Get us in your inbox

Search

Fela!

  • Theatre, West End
  • 4 out of 5 stars
  • Recommended
Advertising

Time Out says

4 out of 5 stars

This ecstatic, rambling tribute to the life, Black Power politics and music of Afrobeat icon Fela Kuti revolutionises the jukebox musical. There’s nothing nostalgic or easy about cult choreographer Bill T Jones’s show, which started life as an avant-garde dance piece before it conquered New York’s Great White Way.

Now it’s in London, it may attract a younger, blacker audience to the National. But whatever your origins, it reminds you that music can be a matter of life and death as well as a leisure-choice.

Despite gobsmacking choreography, Jones’s three-hour show does feel too long for its format of a re-created concert – even one that’s set in Fela Kuti’s legendary Lagos club-cum-stronghold, The Shrine. Lengthy riffs from an assertive band, blood-thumping polyrhythmic dancing from Fela’s nine ‘Queens’ and consciousness-raising anecdotes from their polygamous husband (the uncannily talented Sahr Ngaujah) offer urgent, pulsing build-up.

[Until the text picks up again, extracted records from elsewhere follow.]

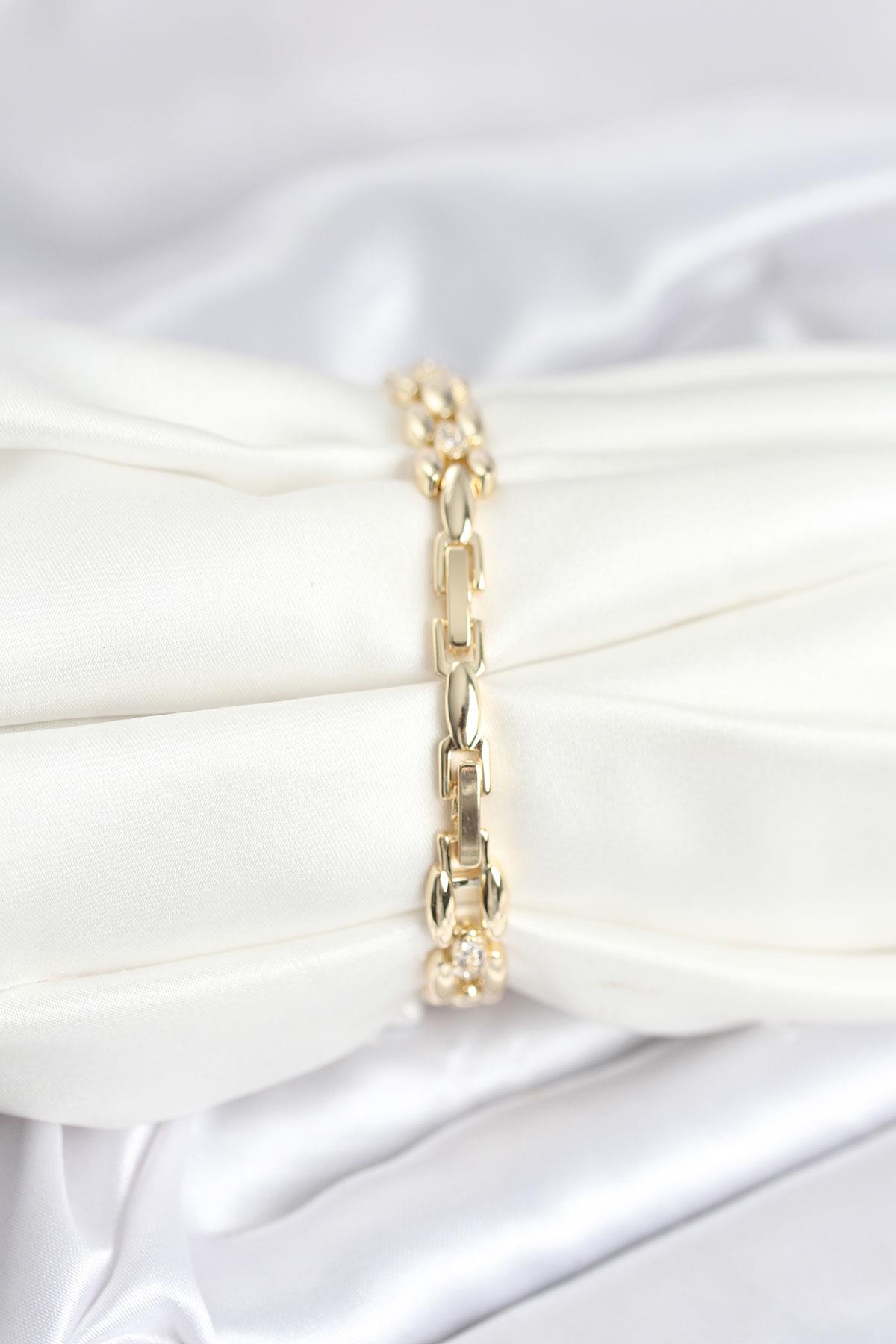 Pirinç Gold Renk Zincir Model Zirkon Taşlı Kadın Bileklik (BB8029)
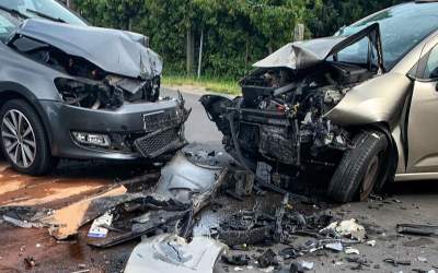 Czołowe zderzenie Szczurawice-Moszczanka. BMW zatrzymało się na polu
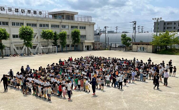 延期に次ぐ延期で3度目の正直の今日、晴天の中を子供たちがコククジラの図案をもとに広がって待機している写真。10時過ぎにセスナが上空を旋回し始めると、頭上に色工作用紙をかざして撮影をしました。写真の下方が鯨が吹く潮になります。どんなふうに撮れたかはお楽しみ。ちなみに全校児童が校庭に集まって撮る集合写真は後日!
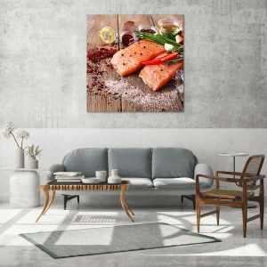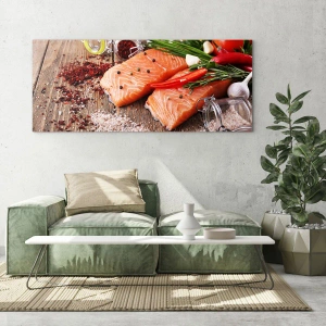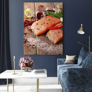 Tablou pe sticlă - Fileuri de somon cu condimente pe blat de lemn - 70x50cm - O aventură norvegiană în bucătărie - Decorațiune modernă pentru perete pentru living și dormitor ARTTOR
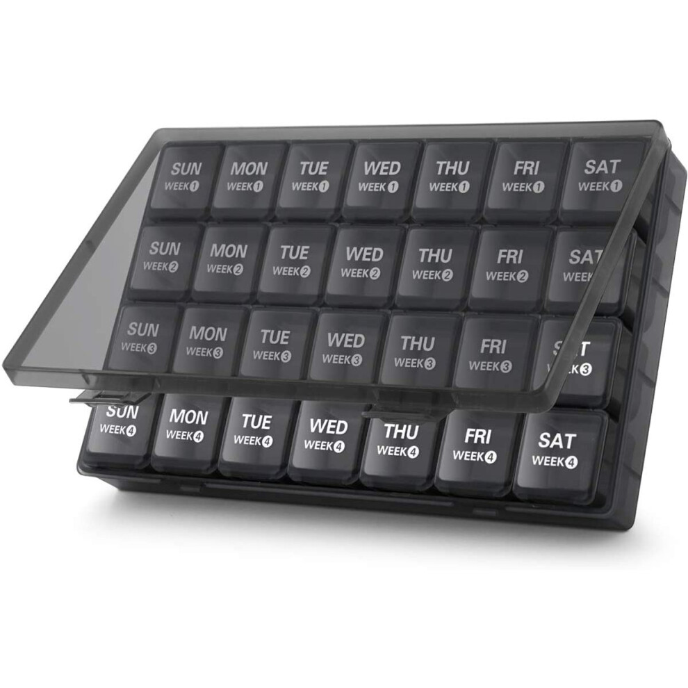 Monthly Pill Organizer 28 Day Pill Box Organizerd by Week, Large 4 Weeks One Month Pill Cases with Dust-Proof Container for Pills/Vitamin/Fish
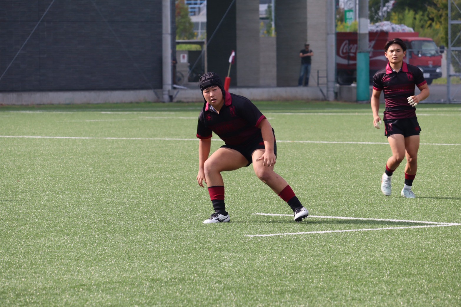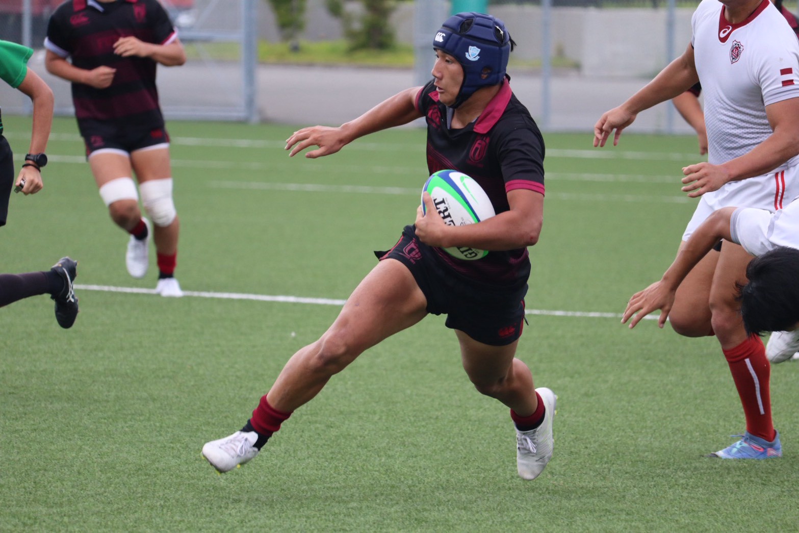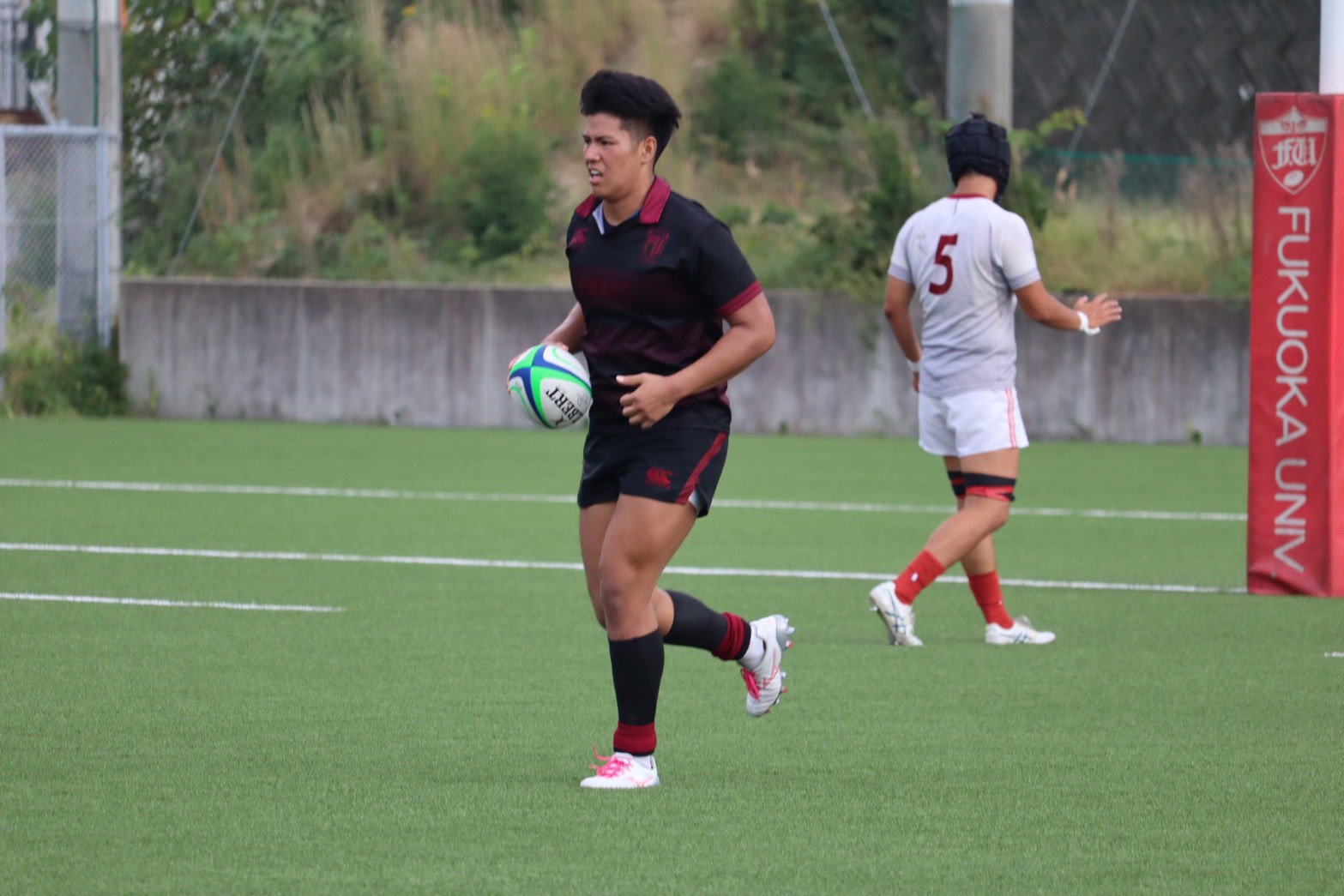 後半:トライが生まれない展開が続く中で相手の22m今シーズン強みとしているラインアウトモール形成をされ最後は2番が抜け出しトライ同点とされます。その後もピンチが続き再び22mでの相手ボールとFW勝負となり、一進一退の攻防が続きますが鹿児島大学のトライ逆転を許してしまいます。さらにピンチが続く中なんとかボール奪取に成功しキックで陣地を回復しますが相手にカウンターを許してしまい独走トライ。リードをさらに広げられる展開となります。しかし、追い込まれた中でチャンスが生まれます。22mラインアウトからモールで一本トライを返し反撃の狼煙とします。なんとか逆転をしたい展開でFWがフィジカルでラインブレイクし最後はBK安田 光汰(3年生 東海大福岡 FB)がトライでキックも決まり逆転!その後守り切りノーサイド結果45-43で試合を終えました。

The crowd hollers and gamely participates in a booty-shaking masterclass. But at times it seems that ‘Fela!’, like Kuti’s wildly dilated music, is all build-up and no climax.The plot is flaky: often lost, and more often wilfully abandoned, it tells Kuti’s amazing story through confusing flashbacks and stirring confrontations between him and his activist mother, Funmilayo, who died after the Nigerian army raided his compound.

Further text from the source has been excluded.